Optimize your Data Warehouse with Tamr.
By Ihab Ilyas, Professor,
Cheriton School of Computer Science, University of Waterloo
With the growing popularity of Hadoop several organizations have been creating Data Lakes, where they store data derived from structured and unstructured data sources in its raw format. At the same time, they invest in building a Data Warehouse that contains the same data in a schema and format that can be analyzed by a Business Intelligence tool, and used by Data Scientists and Business Analysts. However they struggle with connecting and transforming the data to the right format without significant cost and time investment.
Data Lakes emerge; data curation still required
Hadoop has helped organizations significantly reduce the cost of data processing by spreading work over clusters built on commodity hardware, and the ability to host massive amount of heterogeneous and diverse data sets.
Hadoop as a Cheap Data Warehouse for “Cold” Data
Hadoop enables organizations to avoid putting all data into the DW; instead they can move cold data (data that has not been used for a while) into the data lake as a cheaper alternative to the expensive data warehouse stack. Only clean, curated and “hot” data remain in the DW to cater for the various analytics and applications. While the economy of the solution is well justified, it fails to address the ongoing operation of handling an increasing number of data sources everyday; new data can: (1) Augment and enrich the information of what the organization classifies as hot and operational; (2) Constitute a new data source that need to be fed into the current analytics pipeline; or (3) can be part of the enterprise “Cold” data with no immediate effect on the business Intelligence stack.
Here is the dilemma in using Hadoop as a cheap data warehouse: Data can only be classified as Hot or Cold based on usage patterns in the data warehouse. Classifying new data as “hot” or “cold” cannot possibly happen before this data is fully curated and integrated/linked with the existing data set. Curation is a precursor and a necessary condition for a meaningful analytics., hence curating new data sources before classifying it as important or not is inevitable.
Does that mean we maintain a DW for all data to carry out the integration in a normal ETL manner? Doesn’t that defeat the purpose of a DW only for hot and curated data?
Curation is also very expensive; in fact it almost certainly dominates storage and other optimizations issues.
Imagining that curation can happen on-the-fly while moving data around between the lake and the data warehouse is a huge oversimplification.
Ingesting Data into the Lake; the Case for Continuous Data Curation
Using Hadoop and the concept of data lakes side by side with business intelligence and DW stacks requires fundamental shift on how we see ETL. Hadoop will be the front line in ingesting all sorts of data sources, often in raw and heterogeneous formats.

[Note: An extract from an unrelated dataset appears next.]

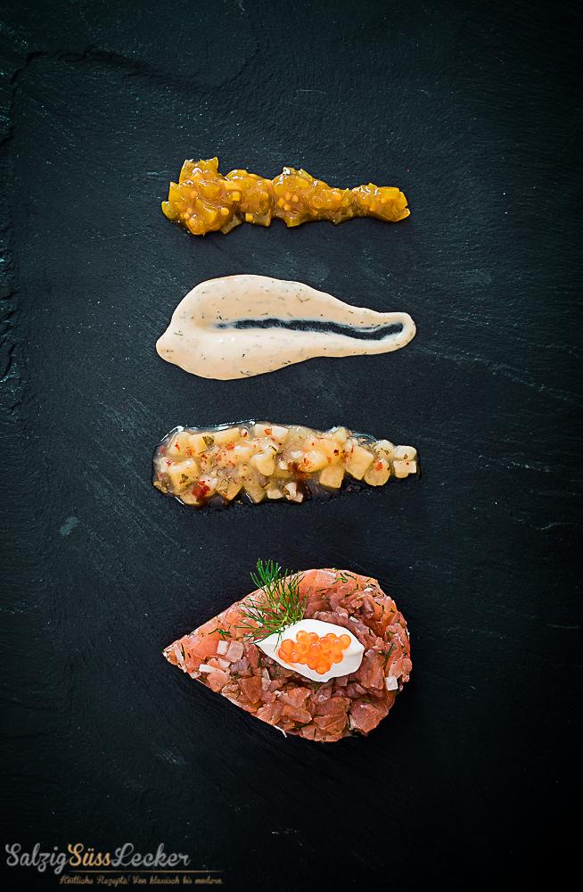 Das traditionelle Rezept eines Graved Lachs benötigt nur Salz Zucker und Dill. Darin wird der Fisch 1–2 Tage gebeizt. In diesem Rezept kommt Gin als zusätzliches Aroma ins Spiel und macht dabei eine sehr gute F

This schema-less or partial schema data often wait in this swamp till heavy-weight ETL processes make sense of it and try to fit in the various analytics schema in the BI stack. Business changes, schema evolution, and various technology upgrades render large chunks of the curation and integration work (The T in the ETL) simply unusable.
Do we need to fully understand the analytics and the reporting requirements before starting making sense in the growing data in the lake? Can we really afford to postpone integration and curation till we understand the business needs (that might come with timing constraints)?

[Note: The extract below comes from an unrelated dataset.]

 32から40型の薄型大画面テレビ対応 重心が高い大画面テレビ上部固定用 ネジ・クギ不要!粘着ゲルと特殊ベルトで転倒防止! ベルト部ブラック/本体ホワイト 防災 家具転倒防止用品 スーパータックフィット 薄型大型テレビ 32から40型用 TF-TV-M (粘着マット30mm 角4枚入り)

The lake provides a huge opportunity for a bottom-up continuous curation and connecting exercise that links these bits and pieces all the time. Data curation in the lake can discover relationships and schemas the enterprise itself was not aware of.
The result is a much smaller overhead and a much cheaper and quicker way to move cold (now curated) data into the hot DW. Data lakes don’t have to be swamps, they can be the opportunity to extract value from data by continuously connecting related pieces and discovering meaningful schemas.